ピロティとは、建物の1階部分が柱(構造体)のみで外部空間となっている建築形式のことですが、その構造体や空間自体のことを指すこともあります。1階がオープンスペースになっていて駐車場として使用され、2階から居住スペースになっているマンションやオフィス・店舗などをよく見かけると思いますが、これらがピロティ形式です。最近は一般の住宅にも人気が広がっているようです。しかし、耐震性には不安があり、大型のビルやマンションでは一部分だけをピロティ形式にしているところもあります。
ピロティのメリットは、開放感がありデザイン性に優れていること。また、駐車場などに利用されるため、土地の有効利用にもなります。さらに、海岸に近い土地では津波が来ても水が分散して流れるため、津波に強く安心です。風も同じように通り抜けるので、台風にも強いということです。デメリットは、やはり耐震性に不安があることですね。1階部分は柱のみで支えているため、壁のある建物より揺れが強くなります。そして、地震の揺れは2階以上の居住部分に大きく伝わってしまいます。柱の数を増やすなど、強度を向上させるための対策が必要になります。
ピロティを最初に建築に導入したのは、近代建築の3大巨匠の一人「ル・コルビュジェ」です。ル・コルビュジェは「モダニズム」という建築における概念を世界中に広めた建築家でもあり、彼が残した「住宅は住むための機械である」という言葉はあまりにも有名ですね。また、「近代建築の5原則」を提唱したことでも知られています。「近代建築の5原則」は、ピロティ・屋上庭園・自由な平面・水平連続窓・自由な立面の5つ。1931年に設計したサヴォア邸ではこの5原則が見事に体現されています。ほかにも多くのル・コルビュジェの建築作品にピロティが見られます。日本で唯一彼が設計した建築物は最近世界遺産に登録されて話題となっている上野公園内の「国立西洋美術館」です。彼が設計した当時のピロティは、現在はガラスを入れられるなどして変えられ、1階の大部分が室内となっています。
ピロティ形式は、日本でも有名建築家たちにより1950年代から導入されるようになりました。現在においても輝きを放っている、有名なピロティ形式の建築物をご紹介いたします。
○広島平和記念資料館……1955年建築、丹下健三氏設計
○京都会館……1960年建築、前川國男氏設計
○日本生命日比谷ビル……1963年建築、村野藤吾氏設計
○東京都庁舎の渡り廊下……1990年建築、丹下健三氏設計
○東京都江戸東京博物館……1992年建築、菊竹清訓氏設計
このほかにも、注意して歩けば、さまざまなピロティ形式の建築物に出会うことができます。

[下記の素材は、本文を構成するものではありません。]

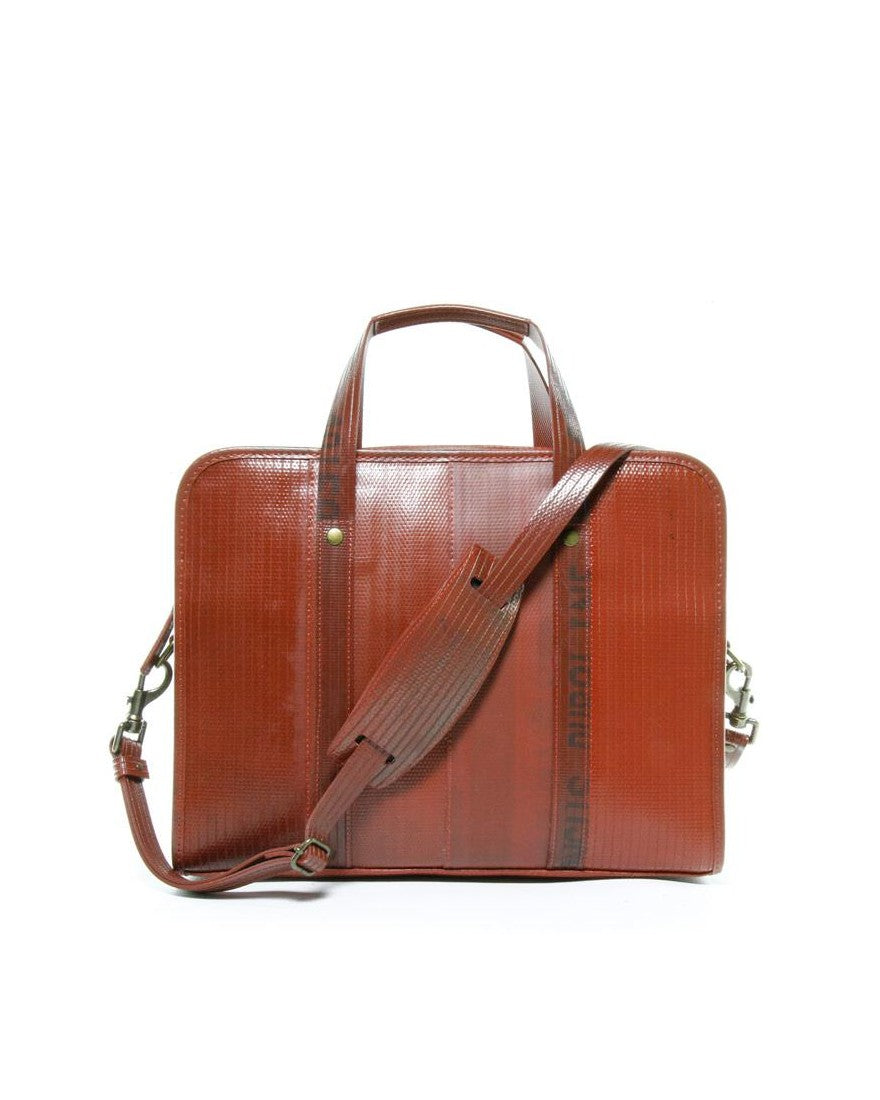 In the humdrum world of nondescript business bags our Compact Briefcase offers you the chance to stand out from the crowd. Previously deployed in active duty for up to 25 years, fighting fires across the UK, the hard-wearing fire-hose is perfectly suited for your daily commute. This classic shape will fit a 14" laptop and has both an internal zip pocket and a padded full-width open pocket for your tablet. The bag can be carried in the hand and also comes with a detachable strap that enables it to be worn comfortably on the shoulder.

普段は注意して見ていなかったビルの形も、思い出してみたらピロティ形式だった、よく行くレストランがピロティ形式だったなんてことも多いと思います。それほど身近ところにもピロティは存在しています。街を歩くとき、少し歩を緩めて周囲の建物を見回してください。街は大きな美術館です。なぜなら、建築物という芸術作品が所狭しと並んでいるのですから…。